This Article is From Dec 16, 2015

Outflow to Rise as Arab Sovereign Wealth Funds May Pull Out: Credit Suisse

Outflow to Rise as Arab Sovereign Wealth Funds May Pull Out: Credit Suisse
Mumbai: The sharp fall in crude prices, now at an 11-year low, is leading to withdrawal symptoms among sovereign wealth funds in the Arab world, which may hasten foreign capital outflows from the domestic market, Swiss brokerage Credit Suisse said on Tuesday.

"At these oil prices, the West Asian economies are struggling to manage their budgets. Every 2-3 months, they put in redemption requests to some of the largest funds and then they are forced to sell. That selling pressure is hitting us," managing director Neelkanth Mishra told reporters here.

The redemptions may not be immediate after every fall in crude prices and each sovereign wealth fund will take a call based on the budgetary pressures a particular country faces, he further said.

According to Mr Mishra, such an eventuality will be bad for the domestic market, which has seen record pullouts by foreign investors in the past three months.

Stating that the outflows over the last three quarters have been worse than those in the wake of the 2008 global financial crisis, Mr Mishra said, "My fear is the outflows will continue if not accelerate from the current level."

Foreign funds have withdrawn over Rs 30,000 crore from the domestic market this fiscal year.

He felt that large-cap stocks will bear the brunt as foreign investors tend to pump much of their investment into such companies.

It can be noted that global crude oil prices have been on a downward trajectory as the world adopts newer alternatives, including shale gas and other renewables, and become more conscious of carbon emissions.

Oil is now trading at around $35 a barrel now, which brings cheer to oil net importers like India, which meets over 80 per cent of its oil needs from imports.

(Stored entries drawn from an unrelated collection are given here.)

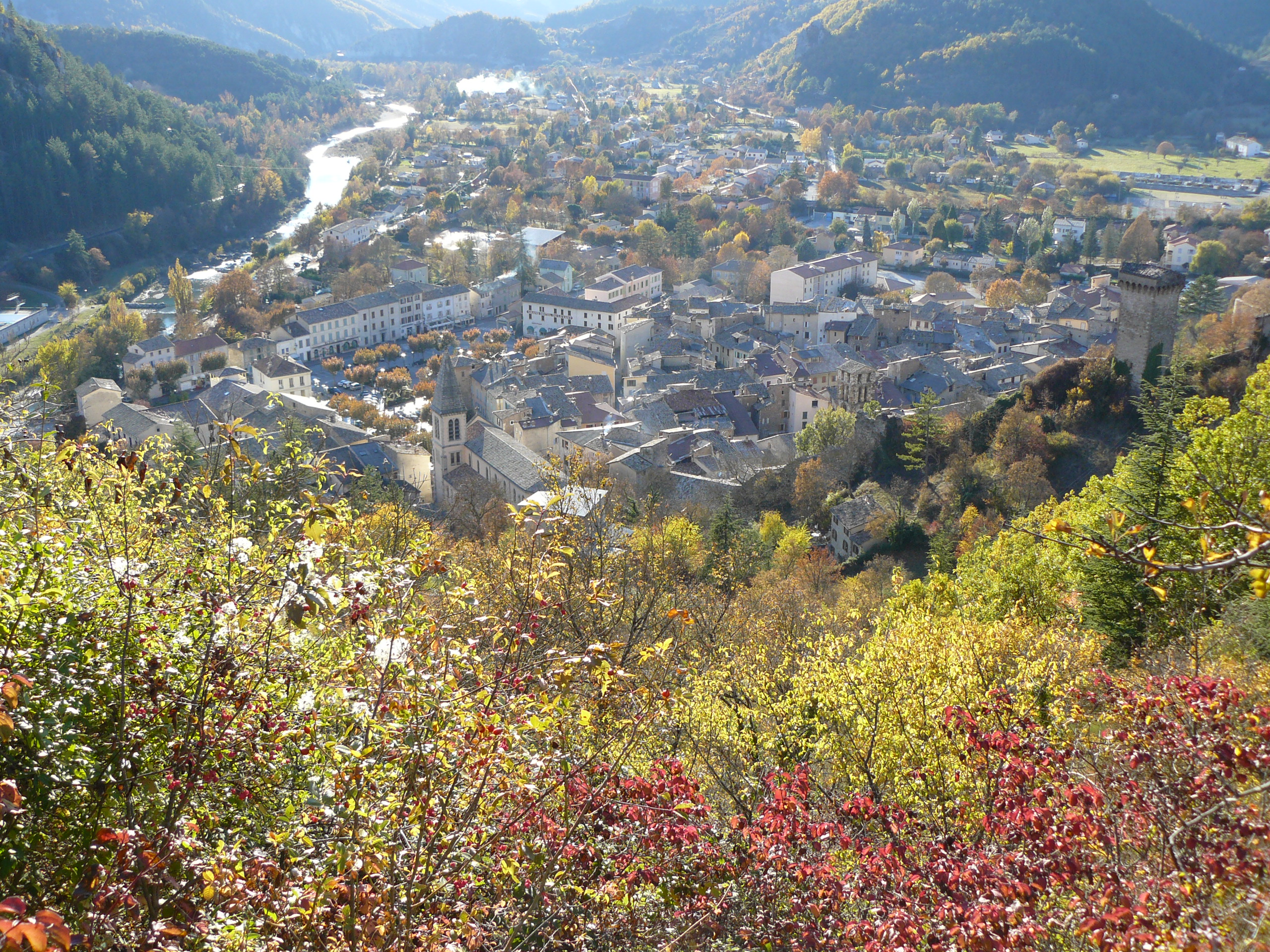 Castellane village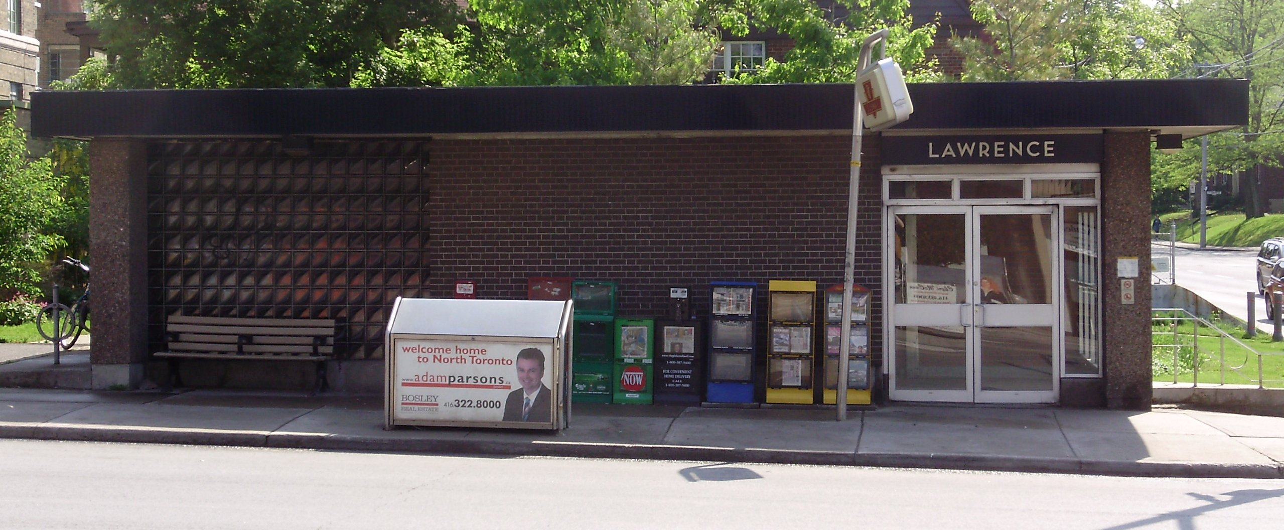 The Toronto Transit Commission's Lawrence station in Toronto, Canada.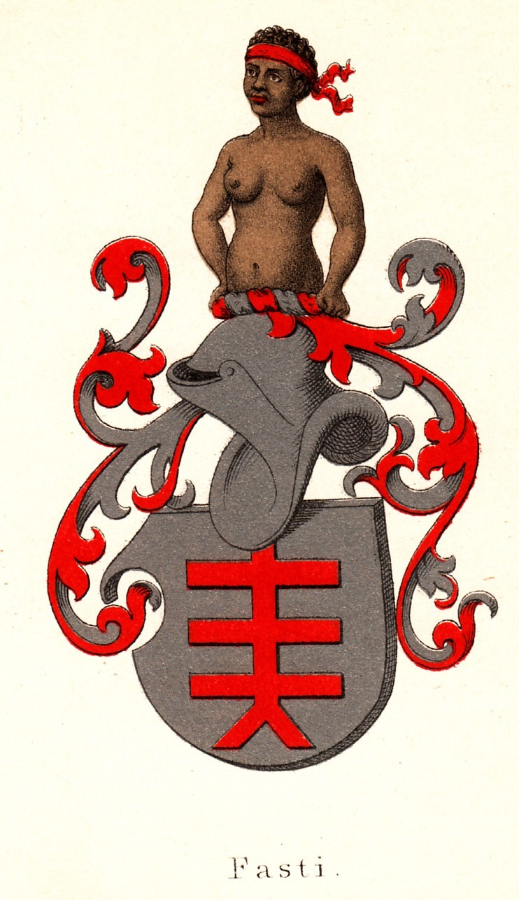 Coat of arms of the Fasti family

Meanwhile, amid concerns on the impact of the Seventh Pay Commission, Mr Mishra took a contrarian line, saying it presents a huge opportunity as consumption will get a leg up.

Rather than the recommended 23.55 per cent hike, the government may go in for a 27 per cent hike in wages for its employees, he said, adding the past increases have been higher than current recommendations.

The total impact for the Union and the state governments from the new wage bills will be Rs 4.5 lakh crore, but on a net basis, after deducting the money which it will collect through direct and indirect taxes, the impact will only be Rs 2.8 lakh crore.

Of this Rs 2.8 lakh crore, a bulk Rs 1.8 lakh crore will have to be borne by state governments, Mr Mishra said, adding that the states have the fiscal space to absorb the impact.

Additionally, the money it receives from the Centre as part of the 14th Finance Commission recommendations will also help, Mr Mishra added.

He is "underweight" on the banking and financial sector as the quantum of stressed assets is under-reported. Mr Mishra, however, said as the capex cycle comes back, there will be a spurt in credit growth and banks can see a surge of up to 13 per cent in advances as against the 8-9 per cent at present.